Combine a 100% whole-wheat English muffin and low-fat cheddar cheese for a hearty breakfast cheese melt.
Enjoy your lunchtime sandwich made with a whole-wheat pita or 100% whole-grain bread.
Try instant brown rice for a quick whole grain at dinner.
Snack on popcorn or 100% whole-wheat crackers for a high-fiber filler in the afternoon.
The Take-Home Message
Carbohydrates are divided into two categories: simple and complex. Simple carbohydrates include the monosaccharide’s and disaccharides; complex carbohydrates include polysaccharides. Glucose, fructose, and galactose are the three monosaccharides. Sucrose, lactose, and maltose are the three disaccharides.
Starch, fiber, and glycogen are all polysaccharides. Dietary fiber occurs naturally in plant-based foods.
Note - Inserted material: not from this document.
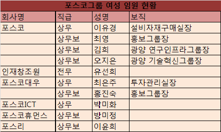 포스코 광양연구인프라그룹장 김희 상무보, 포스리 이윤희 상무보는 올해도 자리를 지켰다. 최은주, 이유경 상무, 김희, 이윤희, 최영, 오지은 상무보는 여성공채 1기 동기다.

Functional fiber has been added to foods because it has been shown to have a specific, functional effect. The total fiber in your diet is a combination of dietary and functional fiber. Viscous, soluble fiber has thickening properties and can be fermented by intestinal bacteria and moves slowly through your intestinal tract. Insoluble fiber typically moves more quickly through your digestive system, so it can have a laxative effect.